Later, Newman takes great delight in showing the Marquise the replies to his cabled messages. He has the idea to throw a huge, gaudy engagement party, but when he invites the Marquise she pales and insists that he let her first have a party for him. Newman accepts. Valentin realizes that this is a ploy on his mother's part, but nonetheless predicts that the party will be splendid.

Analysis

Newman's sustained watching of Claire reflects the The American's deep exploration of the links between sight, appearance, understanding, and knowledge. When Newman watches Claire across the room as she entertains, his lover's gaze is more intimate and honest than conversation, leaving him feeling that he knows her. Under his glance, Claire is simultaneously a distant object of desire and someone achingly familiar. He falls in love over and over again across the room, his gaze a belated reciprocation of Claire's eyes, which have haunted him all summer. More broadly, sight is a vehicle for all manner of revelations. Newman's regular trips to spend time with Claire are colloquially referred to as his going to "see" her. Mrs. Bread appears as a brief vision or as a dream, disappearing after a quick word. The Bellegardes are classically concerned with appearance, the way things look and seem deeply influencing their judgment of what and how things are. Appearances are also important to Valentin, who is terrifically aware of each act's symbolic importance, and Urbain, who is proud of his reputation for having the best manners in France. Sight, therefore, can both give and contain information. Newman misses an important piece of this information when he misses Urbain's glance at the end of Chapter 13. Furthermore, because of its importance to judgment and truth, sight is the first sense that others in the novel attempt to fool. Noémie's pretensions of aristocracy involve a primarily visual illusion: rich dress, mannered gestures, elaborate installations in the Louvre. Her old hobby of copying masterworks of the visual arts segues seamlessly into her social theater. Tom Tristram, the soulless dandy, carefully cultivates an aesthete's façade while caring little for anything beyond immediate sensory experience. The young Marquise dresses and acts like a proper wife to hide her avowed modernity. Meanwhile, M. Nioche retains the habits and dress of better times, despite having fallen into ruin.

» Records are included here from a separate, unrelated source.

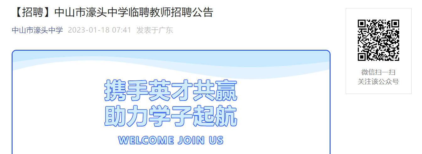 2023廣東中山市濠頭中學(xué)日語、數(shù)學(xué)臨聘教師招聘公告已發(fā)布,聯(lián)系地址:廣東省中山市火炬街道聯(lián)富社區(qū)濠東路18號(廣珠城軌中山站對面)?,F(xiàn)將招聘公告原文發(fā)布如下:
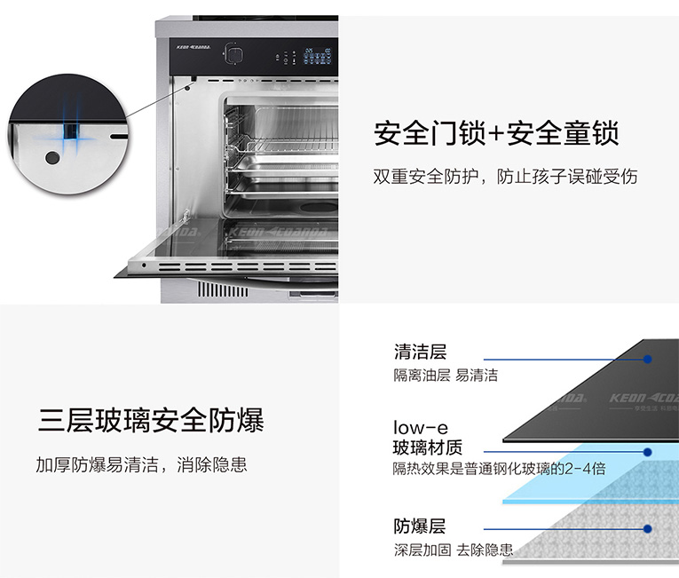 同時集成灶十大品牌、廚電行業十大品牌科恩蒸烤消一體集成灶蒸菜時也不會出現冷凝水滴落的現象,配備了蒸汽后排技術,蒸汽隨著風機自動排出,菜與菜之間不會串味,這樣出來的菜品也就色香味俱全!另外箱門還有多層高溫防護技術,在普遍的耐高溫鋼化玻璃基礎上,中間再置入一層Low-e玻璃材質,隔熱效果是普通鋼化玻璃的2-4倍,避免不小心燙傷皮膚。
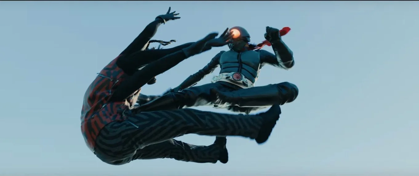 As with the previous two “Shin” films, Shin Kamen Rider is a back to basics look at the original. It strips back the lore and history and gives the audience a man who has been horrifically transformed, but has gained great power and the ability to stop others from experiencing the same fate. Hongo is shown to be an intelligent man, but he is not some kind of super-genius who can figure out a perfect resolution to the problems he is presented with. He is put into life-or-death situations and does the best that he can. The film does not shy away from blood and the fights against the armies of faceless grunts make the audience feel as unsettled as Hongo. It’s a dirty business and we mourn our hero for being the one who has to do it. While Hongo is rarely successful in trying to talk his enemies down, it is still important that he does so as it keeps him from becoming a monster just like the ones he is fighting. When he actually does manage to be successful, it proves to be incredibly rewarding for him and more than makes up for all the failures. He is shown to be correct for always offering his hand. That said, the fights against the other “Augmented Humans” are a spectacle to behold. As one might expect from a series from 1971, the effects don’t necessarily hold up. Rather than turn away from that, Anno emphasizes it in the fight choreography. The film uses CG to replicate the janky wirework of the original. For the most part, it helps illustrate how heightened these super-humans are as they jump around industrial areas and exchange blows in mid-air. The film also uses rapid-fire cuts in the action sequences to give the impression of speed much like the original did. There are specific references to sequences from the original that are recreated in all their awkward glory. Compared to many modern superhero films which strive for more realistic action or at least something which adheres more closely to the laws of physics, Shin Kamen Rider happily does twenty backflips over the laws of physics before twisting into a flying kick. Fans of the original will clap their hands in delight, but some of the scenes might be off-putting to viewers without that background knowledge. One of Shin Ultraman’s flaws was that it was sometimes too easter-egg heavy. There were entire scenes which were incomprehensible without understanding what was being referenced. Compared to that, Shin Kamen Rider balances the references much better. There are still plenty of shout-outs for long-time fans, but they serve the story without that background context as well. There is a major injury that Hongo suffers later in the film which referenced a behind-the-scenes injury Hiroshi Fujioka (the actor who played Takeshi Hongo in the 1971 series) suffered which necessitated the introduction of a replacement Kamen Rider. It was a dramatic moment in the film, but it may be distracting to fans who recognize what’s about to happen. You can imagine the gleam in Anno’s eye when he was writing that scene and part of the fun for longtime fans is going to be seeing how many references he can fit into the story. It feels very much like a film written by a fan for the fans.
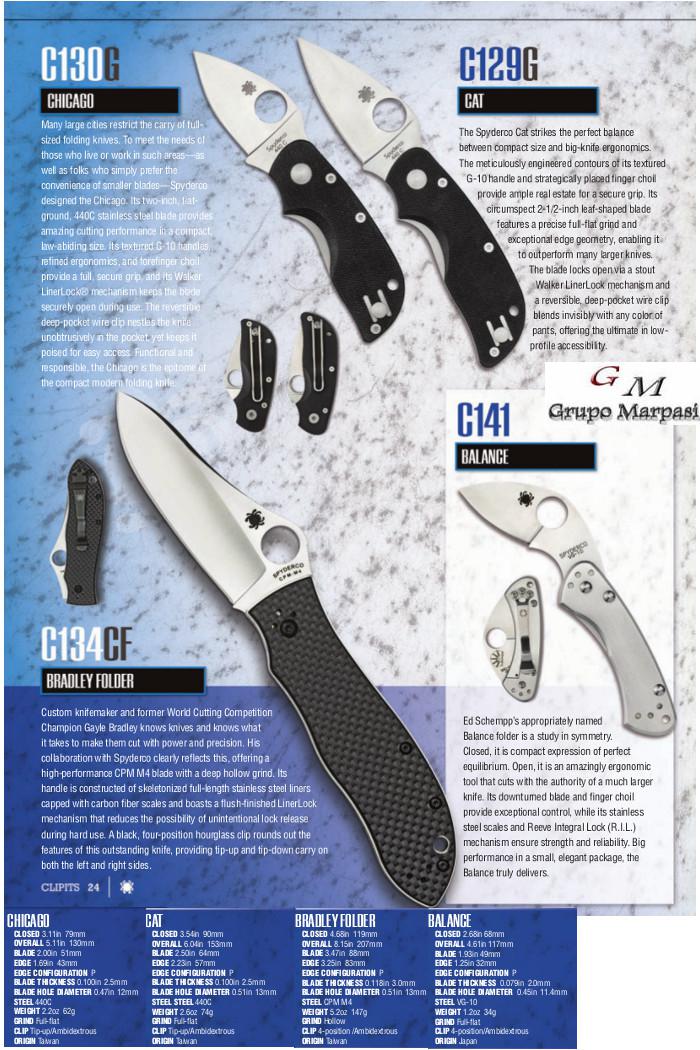 Tactical Einhandmesser Value Folders.C130G - Spyderco Chicago messer.C129G - Spyderco Cat.C134CF - Spyderco Bradley Folder.C141 - Spyderco Balance.
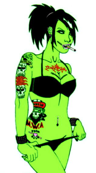Anyways, this is his Character Kemmy! whom I was instantly drawn to because uhm, hello, radioactive sorority girl who goes skinny dipping in toxic waste and gives zero fucks about the consequences.
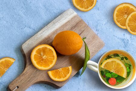 Lemons and oranges wooden chopping board, herbal tea on blue background. Natural freshness, juicy citrus ingredients
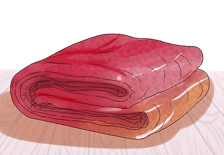 Bring blankets. Once you determine what environment and temperature range you will be sleeping in, gather up the blankets you will need. You will require thicker blankets for colder temperatures and lighter blankets for warm nights. If there will be a range of temperatures, then bring multiple blankets of various thickness to use as layers. Camping on the beach can be uncomfortable with sand getting into everything. You can use flannel sheets instead of cotton here because the loose weave will allow sand to pass through the material. It can be helpful to bring an old comforter from your house to use as a blanket because it's familiar so might help you fall asleep.
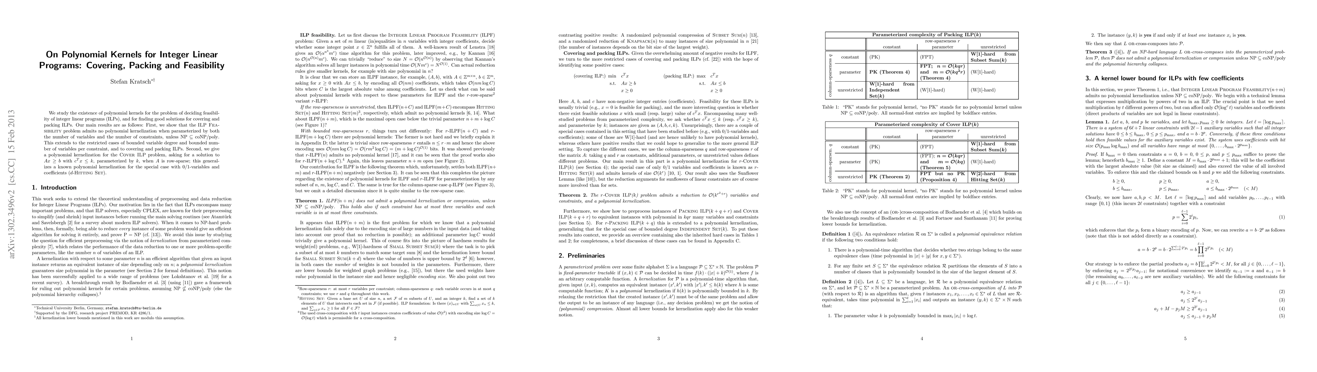 **Summary:** This paper investigates the kernelization possibilities for integer linear programs (ILPs) focusing on feasibility, covering, and packing problems. It proves that ILP feasibility cannot be polynomially kernelized under certain parameters unless NP collapses to coNP/poly. It also presents a polynomial kernelization for a row-sparse Cover ILP problem.
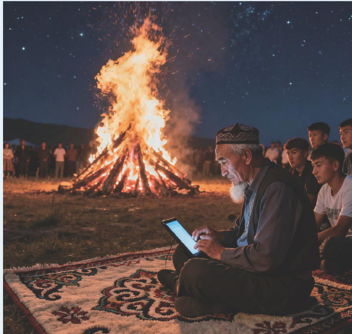 “西迁节”的篝火,在察布查尔深蓝色的夜幕下跃动不息,像一部不眠的史诗。火光映照中,九十岁的锡伯族老人盘腿坐在绣花毡毯上,如同一尊沉静的石雕。他苍老的手指缓缓划过iPad屏幕,那动作既陌生又庄严。屏幕的微光像一片幽蓝的湖水,倒映出他脸上的沟壑,也倒映出一部分正在被数字化的家族记忆。围坐一旁的年轻人目不转晴,仿佛正聆听一场跨越三百年的对话一不是用语言,而是用光与记忆交织的仪式。(剩余4725字)
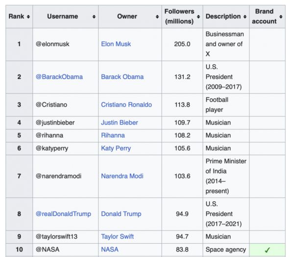 X上关注者排名,特朗普和马斯克是前十名里活跃度最高的用户|图源:Wikipedia
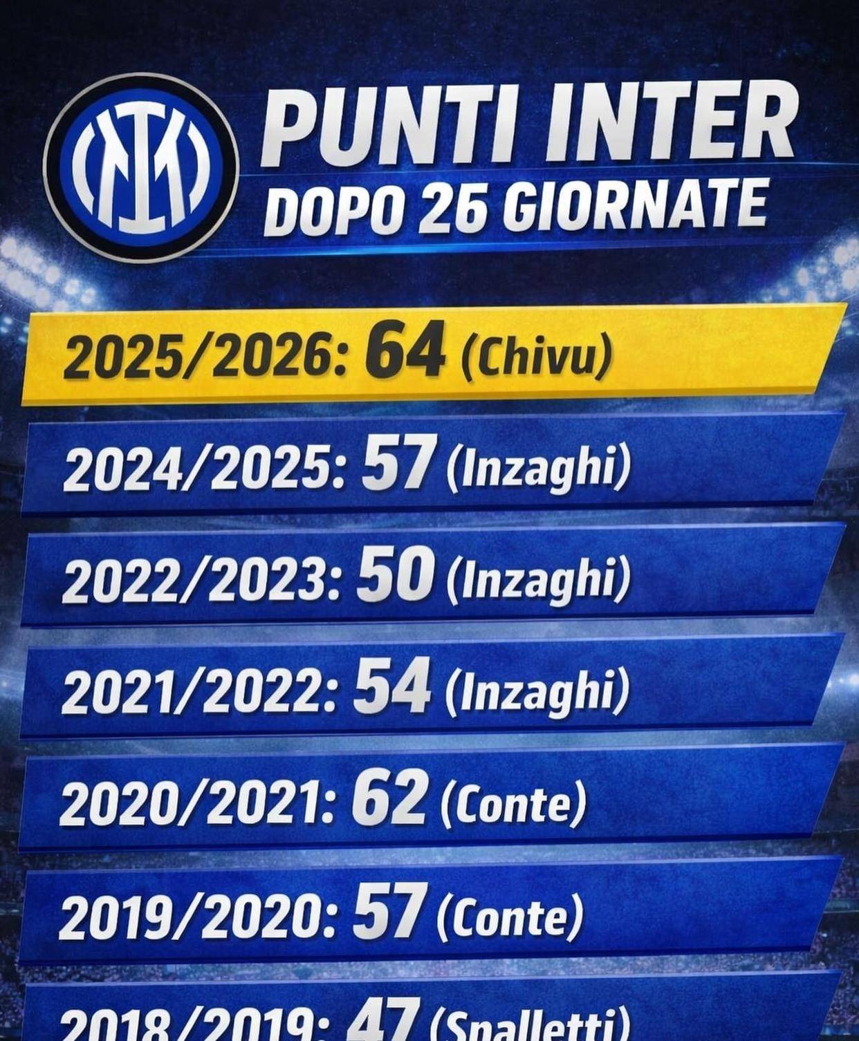 当国际米兰在2025年夏天宣布功勋后卫齐沃出任主帅时,质疑声几乎淹没了所有期待。 一个只在帕尔马有过短暂保级经验的“菜鸟”,凭什么接手豪门? 然而,大半个赛季过去,所有质疑者都被狠狠打脸。 截至意甲第26轮,齐沃的球队豪取64分,积分同期超越了小因扎吉、孔蒂和斯帕莱蒂三位名帅。 更惊人的是,球队在2026年初的魔鬼赛程中28天9赛,拿下了7胜1平1负的恐怖战绩。这绝非运气,而是一场从战术到心理的全面革新。
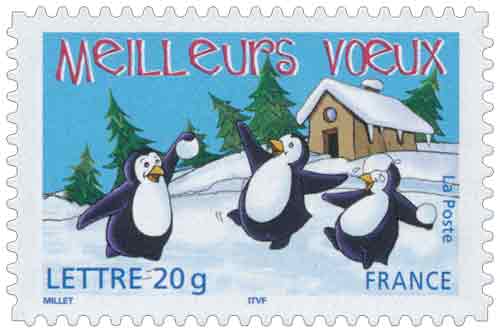 | Description | Meilleurs vœux. Pingouins. Émis en carnet. 2 bandes de phosphore |
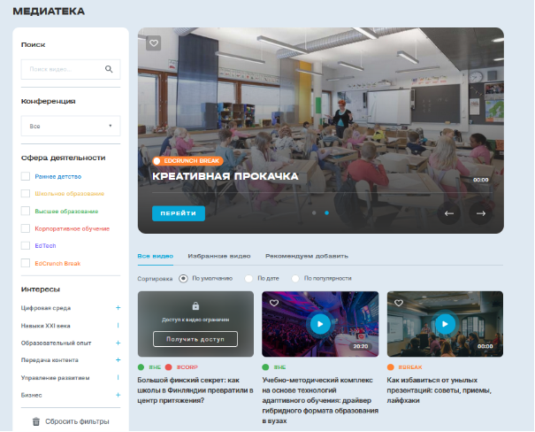 Платформа должна жить не только во время проведения конференций, но и в другие дни. Мы реализовали каталог видео с конференций и механизм подписки на эти видео.
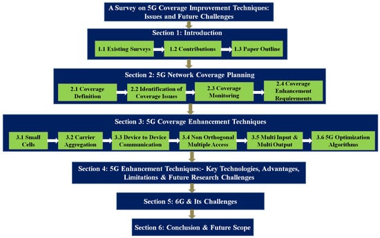 This article is organised as follows: Section 2 illustrates the basics of wireless communication system, i.e., coverage definitions, coverage issues, coverage monitoring, and coverage requirements. Section 3 focuses on the coverage enhancement technologies such as small cells, CA, D2D, NOMA, MIMO, and optimization in 5G networks. In this section, each coverage enhancement technique implementations and their future challenges are explored. In Section 4, 5G key parameter enhancement techniques, their advantages, limitation and future challenges are illustrated. 6G and its future challenges are explored in Section 5. Section 6 concludes the article and provides the future scope. The structure of this article is shown in Figure 1. Table 3 provides the list of abbreviations used in this article.
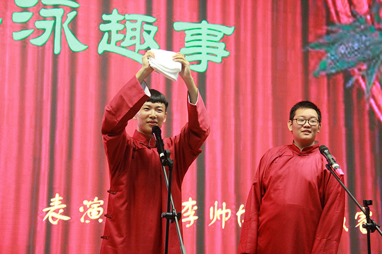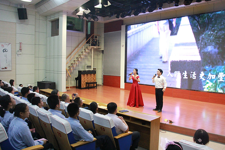 9月29日晚,我校在電教樓5樓報告廳隆重舉行慶祝新中國70周年“我愛我的祖國”國慶文藝匯演。 學(xué)生樂隊搖滾彈唱《花火》震撼開場,燃爆了整個舞臺;王雨田同學(xué)身姿曼妙,仿佛舞臺上的精靈,輕盈跳躍中詮釋了《九兒》的不屈抗爭;話劇《險象環(huán)“聲”》笑料百出,演員們形神兼?zhèn)洌鋸埖谋硌葑層^眾們捧腹不止;辛蘭芳老師鋼琴獨奏《童年的回憶》,熟悉的曲調(diào)從指尖飛出,讓人身心愉悅;小白楊合唱團用歌聲描繪祖國的大好山河,高唱《我和我的祖國》。隨著現(xiàn)場的愛國熱情不斷高漲,全體演職人員和觀眾自發(fā)大合唱,晚會在《歌唱祖國》的雄壯歌聲中落下帷幕。 今年是建國70周年,此次慶祝活動不僅豐富了校園文化生活,也展示出我校師生的藝術(shù)修養(yǎng)及朝氣蓬勃、積極向上的精神風(fēng)貌,廣大師生也用自己的方式表達了對偉大祖國的深情祝福。
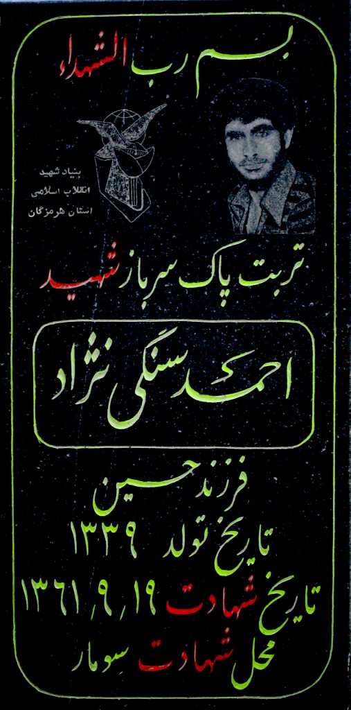 شهید احمد سنگی نژاد در چهارم اردیبهشت 1339، در روستای خورگو از توابع شهرستان بندرعباس چشم به جهان گشود . پدرش حسین ،کارگر بود و مادرش شیرین نام داشت . تا پایان دوره متوسطه در رشته اقتصاد درس خواند و دیپلم گرفت . به عنوان  سرباز ارتش در جبهه حضور یافت . هجدهم آذر 1361، در سومار توسط نیروهای عراقی بر اثر گلوله به قلب ، شهید شد . مدفن او در گلزار شهدای شهرستان زادگاهش واقع است .
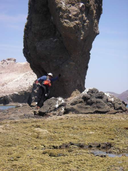Don Fleming got out of his boat to pretend to push over the spire of rock at Islote Blanco
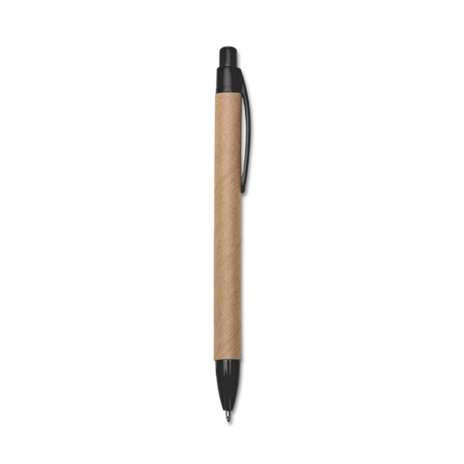 Descrição: Caneta ecológica de papelão com detalhes coloridos, o clip pode facilmente ser retirado para personalização no corpo da caneta. Clip e ponteira plástica, aciona por clique.
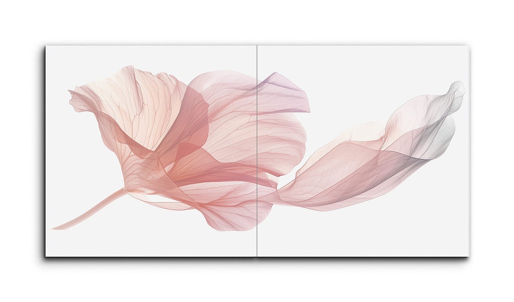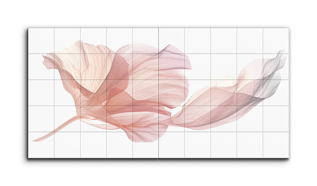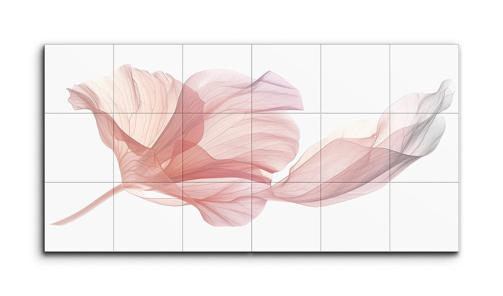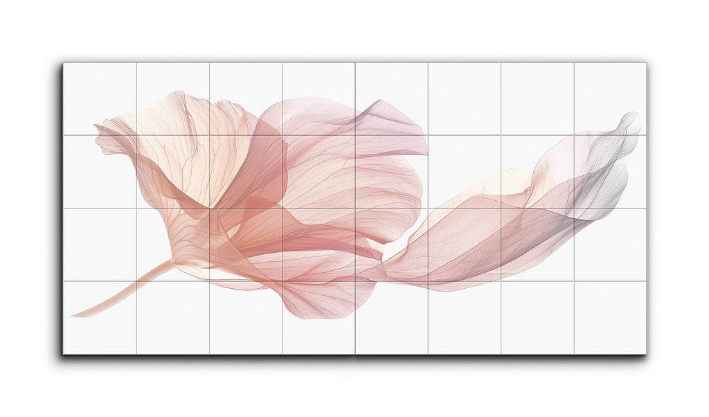 This diptych tile mural showcases a stylized, translucent flower in delicate pastel hues of pink and peach. The ethereal petals, rendered with gentle curves and subtle overlaps, seem almost sheer, allowing light to pass through and creating a soft, graceful effect. The minimalist, contemporary style emphasizes the flower's purity of form and color, inviting viewers to appreciate its delicate structure. The piece exudes tranquility and elegance, capturing the essence of the flower in a serene and poetic manner.
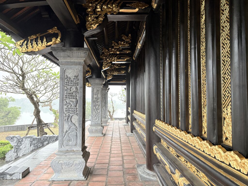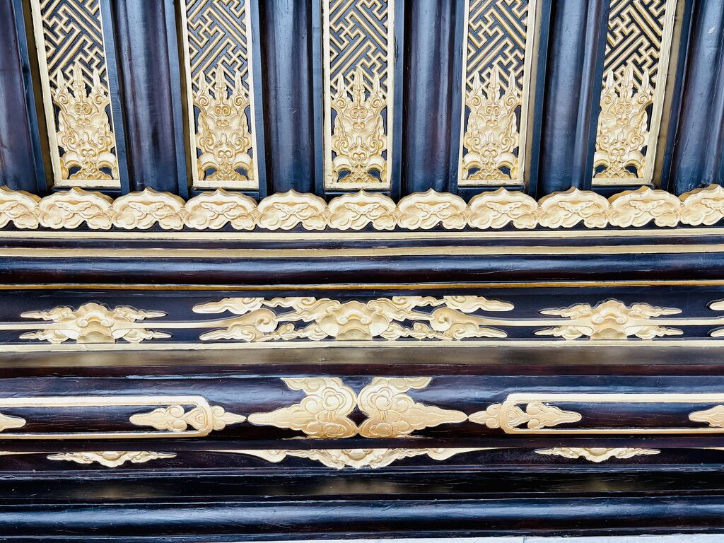 L’édifice, entièrement en bois de fer noir, arbore des toitures de tuiles à double courbure, typiques des temples anciens. Leurs extrémités, ornées de motifs de dragons et de phénix encadrant une perle, sont dorées à la feuille, créant un effet visuel majestueux.
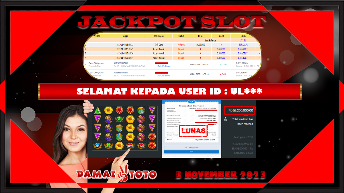Selamat Kepada Pemain Dengan User Id : Ul*** Telah Memenangkan Jackpot Paus Senilai 55,200,000 Di Permainan Gates Of Olympus
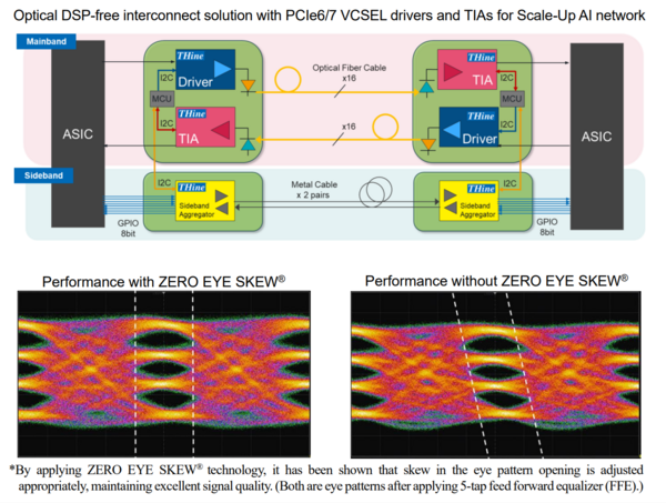 东京 --(美国商业资讯)-- 全球领先的无晶圆厂半导体供应商 THine Electronics, Inc.(东京证券交易所代码:6769,简称 “THine”)今日宣布,正式推出采用自主研发 ZERO EYE SKEW® 技术的无光学 DSP(数字信号处理器)芯片组。该解决方案专为 PCI Express 6/7(PCIe6/7)标准设计,适配线性可插拔光模块(LPO)或共封装光模块(CPO)的短距离光互联场景,尤其契合下一代Scale-Up型 AI 网络的 “Slow and Wide” 互联需求,可实现功耗节省 73%、延迟降低 90%,为 AI 服务器、超大规模数据中心提供高成本效益、高密度、高能效的互联新选择。

Valentin's blunt, despairing admission that he adores someone he cannot marry is a subtle but powerful counterpoint to the euphoria of these chapters. Valentin adores Noémie, whom he can never marry due to their class difference. Given Newman's evident happiness, we are tempted to read Valentin's failing romance as a gloomy counterpoint, a short parable of the libertine's unsustainable pleasures. A broader look at character development suggests otherwise, however. Throughout the novel, Valentin has tended to mirror Claire more often than contrast with her. Newman's brief, pleasant glimpse of Claire in Mrs. Tristram's entryway is immediately followed by a brief, pleasant glimpse of Valentin in the Bellegarde courtyard. Valentin is present at Newman's first meeting with Claire, and Newman's initial tentativeness to allow Claire to know him is closely tied to his first few meetings with Valentin. Newman's pleasure—described in Chapter 13—in sitting back and watching Claire entertain closely parallels his pleasure in Chapters 7 and 8 in sitting back and watching Valentin talk. Newman's declaration of love to Claire comes immediately after his disclosing this love to Valentin, and Claire's hesitant acceptance of the sentiment immediately makes its way back to her brother. In short, while Valentin and Claire are hardly the same person, the siblings are a critical pair who often double, reflect, and mediate for each other. Valentin's statement about loving someone he is unable to marry, therefore, raises the possibility that the same is true for Claire—and casts serious doubts that the marriage with Newman will go through as promised. Newman, after all, is a commercial person, whose self-made fortune—to an old-money European family like the Bellegardes—carries all the stigma of Noémie's shameless rise through the ranks. Further supporting this interpretation are the Marquise's evident displeasure at the engagement and Urbain's deeply ambiguous glance at Newman at the end of Chapter 13.